TLDR: Census data is complicated.
The simplest actual answer to your question: If you type in "united states" on the front page of American FactFinder, you can get to the "Community Facts" page for the US, which has direct links to several kinds of data at the national level.
Probably way more than you really wanted to know:
More generally, Census data is a very simple phrase behind which lies a ton of variety, nuance and detail. I've spent several years now working on various projects to make Census data easier to use, and it's harder than you would guess. Even a straightforward concept like "population" has multiple answers from the US Census: every ten years the Decennial census comes up with one count; annually, the American Community Survey (ACS) estimates the population using a different methodology, and every month, the Population Estimates program produces its own numbers. Oh, and also monthly the Census Bureau and the Bureau of Labor Statistics update the Current Population Survey (CPS) which has its own total population number.
Is there no straightforward to say "I want data X about region Y, grouped by subregion Z, give it to me now, please and thank you"? Importantly, Y may be "the entire United States", and ideally, X may include multiple data points.
For the American Community Survey alone, there are several hundred table variants, and several of the variants come in two forms, and some of them come in about 20 forms because they break down figures according to race or hispanic status. (In total, there are over 1400 tables in the ACS). Because the raw data can't be released for privacy protections, the Census needs to presumptively tabulate all the different kinds of cross-referenced data people might want. (And some of the data you may want is collected in the CPS or other programs.)
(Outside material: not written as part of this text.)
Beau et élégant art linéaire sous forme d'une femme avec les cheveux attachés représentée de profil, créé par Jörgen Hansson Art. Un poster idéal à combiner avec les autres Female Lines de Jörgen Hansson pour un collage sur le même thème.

the Census Bureau data is tabulated into "summary levels" which represent different classes of geography. The ACS Glossary has a summary level list has 188 different kinds of value for Y, with hundreds of thousands of actual values. And there are more summary levels than on that list. The Missouri Census Data Center (MCDC) has delved into summary levels and tried to compile a master list which has 220 of them.
These lists are complicated for technical reasons (mostly to do with the next section) but even if you think in terms of simple shapes-on-a-map, there are about 30 basic geographies.
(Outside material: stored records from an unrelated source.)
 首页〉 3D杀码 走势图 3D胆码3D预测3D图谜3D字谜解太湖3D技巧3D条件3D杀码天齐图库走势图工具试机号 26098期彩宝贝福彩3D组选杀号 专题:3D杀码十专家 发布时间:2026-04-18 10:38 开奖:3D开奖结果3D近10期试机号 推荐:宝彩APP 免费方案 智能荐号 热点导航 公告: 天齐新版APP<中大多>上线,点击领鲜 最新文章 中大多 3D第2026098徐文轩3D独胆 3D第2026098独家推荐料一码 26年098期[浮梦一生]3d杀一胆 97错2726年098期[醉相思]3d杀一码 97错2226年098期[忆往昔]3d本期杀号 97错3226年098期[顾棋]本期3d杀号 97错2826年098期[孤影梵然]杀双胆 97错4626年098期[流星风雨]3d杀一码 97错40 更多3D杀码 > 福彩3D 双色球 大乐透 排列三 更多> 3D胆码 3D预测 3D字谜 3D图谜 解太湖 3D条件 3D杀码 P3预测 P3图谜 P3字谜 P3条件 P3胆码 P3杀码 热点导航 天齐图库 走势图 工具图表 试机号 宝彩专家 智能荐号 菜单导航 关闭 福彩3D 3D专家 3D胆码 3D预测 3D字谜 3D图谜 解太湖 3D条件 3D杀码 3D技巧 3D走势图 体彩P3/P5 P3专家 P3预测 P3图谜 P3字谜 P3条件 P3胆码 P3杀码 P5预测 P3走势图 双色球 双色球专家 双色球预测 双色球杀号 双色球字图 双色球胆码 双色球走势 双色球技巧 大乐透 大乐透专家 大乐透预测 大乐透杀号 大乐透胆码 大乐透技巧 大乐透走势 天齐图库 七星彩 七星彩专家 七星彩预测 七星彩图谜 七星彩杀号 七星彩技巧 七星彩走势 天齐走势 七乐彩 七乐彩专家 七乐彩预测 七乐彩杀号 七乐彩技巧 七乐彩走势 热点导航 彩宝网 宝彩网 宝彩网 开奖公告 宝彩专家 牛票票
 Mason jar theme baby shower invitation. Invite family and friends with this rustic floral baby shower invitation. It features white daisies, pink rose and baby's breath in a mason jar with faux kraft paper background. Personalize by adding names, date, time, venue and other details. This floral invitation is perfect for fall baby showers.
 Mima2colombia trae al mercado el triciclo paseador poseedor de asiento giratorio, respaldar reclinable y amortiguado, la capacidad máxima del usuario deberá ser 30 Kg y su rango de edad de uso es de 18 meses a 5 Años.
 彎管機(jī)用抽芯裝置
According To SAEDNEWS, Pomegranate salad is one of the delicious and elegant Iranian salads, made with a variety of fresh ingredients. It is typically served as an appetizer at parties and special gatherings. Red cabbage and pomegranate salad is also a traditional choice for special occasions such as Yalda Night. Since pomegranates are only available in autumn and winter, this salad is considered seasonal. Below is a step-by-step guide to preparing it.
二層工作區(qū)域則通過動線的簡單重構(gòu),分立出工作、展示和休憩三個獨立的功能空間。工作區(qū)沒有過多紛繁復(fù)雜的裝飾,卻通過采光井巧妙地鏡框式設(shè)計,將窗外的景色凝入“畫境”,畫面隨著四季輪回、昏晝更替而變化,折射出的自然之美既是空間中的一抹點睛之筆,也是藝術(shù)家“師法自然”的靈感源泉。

Also, for the US and for states, there's a separate concept ("geographic components") to do with "give me the total of data X for just the people living in "urban areas", or "not in a metropolitan or micropolitan statistical area". There are about 20 of these components.
grouped by subregion Z
only some Census geographies are by definition properly contained by specific other geographies. Cities (sumlevel 160, formally known as "places") cross census tract and county boundaries, adding a bit of complexity to one commonly desired grouping. And in some parts of the country, locally prevailing government systems make "places" a less appropriate way to break things up: things are different in many ways in New England, especially.
Oh, and "the census year from which I want the data." Census maps change every ten years, so data is not always comparable across Census releases. How you do your comparisons when that happens depends sometimes on whether you're looking at statistical areas like census tracts, or legal areas like states and counties. And the questions change too, not just the maps. In 2000, the Census Bureau allowed people to select more than one race, complicating comparison of new data with data collected before then.
Third Party Projects
A lot of people have worked on third-party projects to make Census data easier to use. I invite you to check out a project I've worked on called Census Reporter. It's limited to the American Community Survey for the foreseeable future. I'm proud of what we've done, and we get great feedback, but I know for a fact we have a long way to go to make it as easy to find tables as you (and I!) want.
Besides Census Reporter, there's a commercial project called Social Explorer which has done a lot of work to make the data more directly cross-comparable. You may be able to access it through your local library.
There are some other great projects which also take on these challenges, but which tend to be aimed at researchers who are more deeply invested. For example, the aforementioned MCDC, NHGIS, IPUMS, Census.IRE.org (which I also helped to make), and I'm sure more that I'm forgetting.